The ideal situation would be to obtain the raw data CEL or TXT files (edit: or whatever BEAD arrays use) and then summarise expression over genes using RMA and the median polish.
Given the data that you've got, you can just summarise it yourself as follows:
df <- data.frame(
c("gene1","gene1","gene2","gene2","gene2","gene3"),
c(1,2,3,10,20,30),
c(60,50,40,3,2,1),
c(7,8,9,100,110,120),
c(12,11,10,9,8,7)
)
colnames(df) <- c("gene","sample1","sample2","sample3","sample4")
df
gene sample1 sample2 sample3 sample4
1 gene1 1 60 7 12
2 gene1 2 50 8 11
3 gene2 3 40 9 10
4 gene2 10 3 100 9
5 gene2 20 2 110 8
6 gene3 30 1 120 7
summarise by mean
aggregate(df[,2:ncol(df)], by=df[1], mean)

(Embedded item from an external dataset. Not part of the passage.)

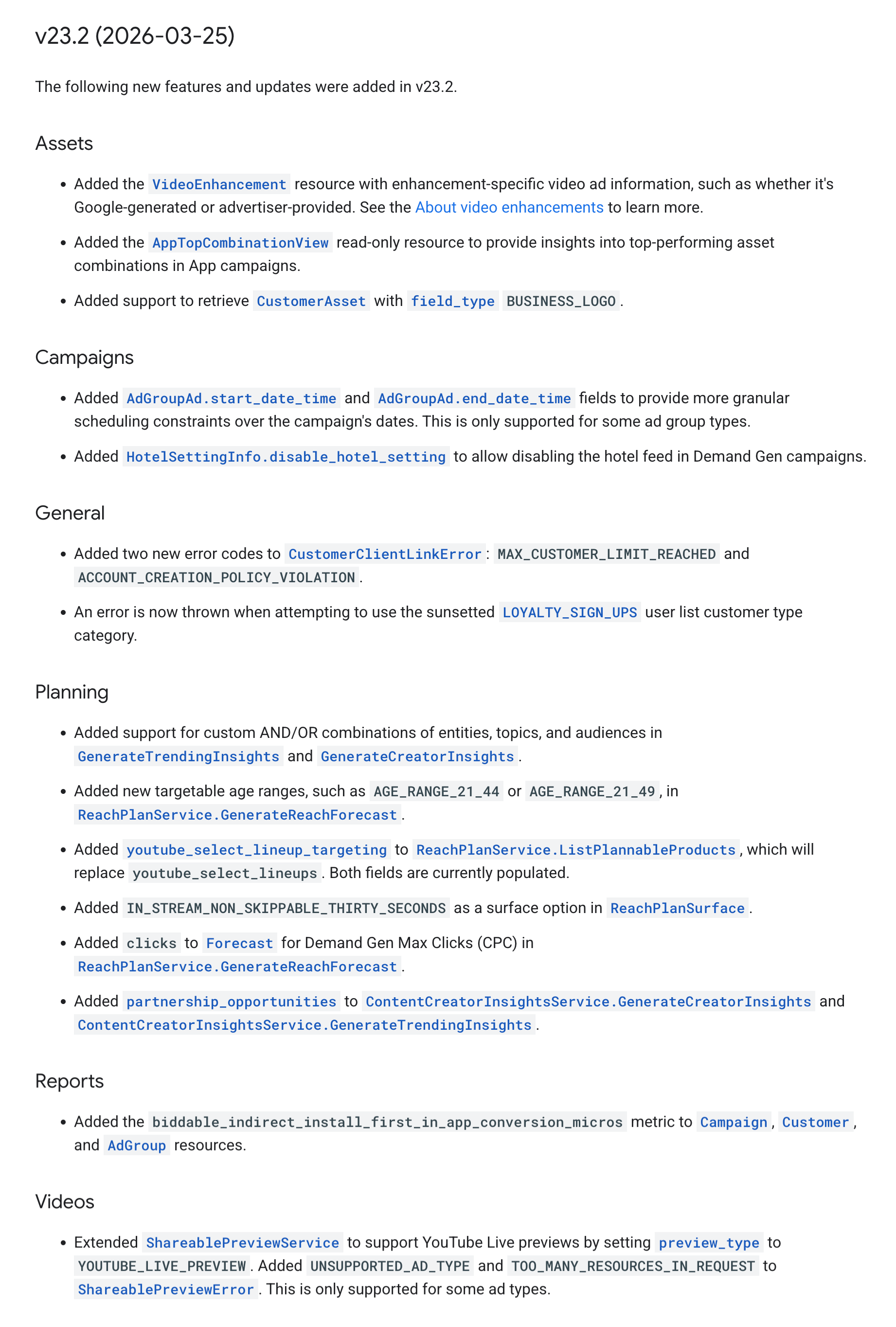 Digital Phablet reports that Google Ads has rolled out a minor update to its API, now reaching version 23.2. The latest release introduces the VideoEnhancement resource, updates to HotelSettingInfo, and various other enhancements. The platform’s official blog states that deploying v23.2 requires updating client libraries and code to utilize the new features. All relevant libraries and examples have been made available for developers.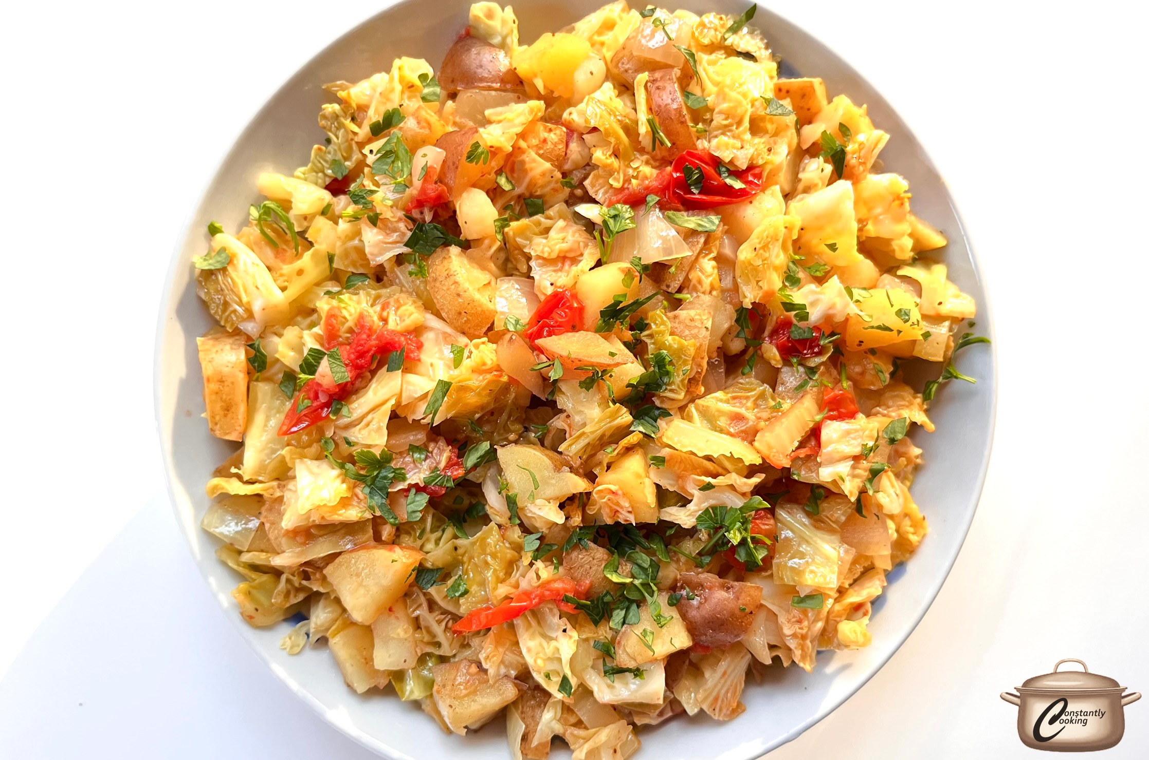 - Add the chopped cabbage and halved tomatoes to the skillet with the potato and onion mixture. Sprinkle with salt, pepper, celery seed and sugar then drizzle with vinegar and water. Gently stir to combine well. Cover and let cook, stirring occasionally, until cabbage has wilted and is tender.

gene sample1 sample2 sample3 sample4
1 gene1 1.5 55 7.5 11.5
2 gene2 11.0 15 73.0 9.0
3 gene3 30.0 1 120.0 7.0
summarise by median
aggregate(df[,2:ncol(df)], by=df[1], median)
gene sample1 sample2 sample3 sample4
1 gene1 1.5 55 7.5 11.5
2 gene2 10.0 3 100.0 9.0
3 gene3 30.0 1 120.0 7.0
summarise by sum
aggregate(df[,2:ncol(df)], by=df[1], sum)
gene sample1 sample2 sample3 sample4
1 gene1 3 110 15 23
2 gene2 33 45 219 27
3 gene3 30 1 120 7
Kevin
May be you can take average of expression of all the transcript as gene expression.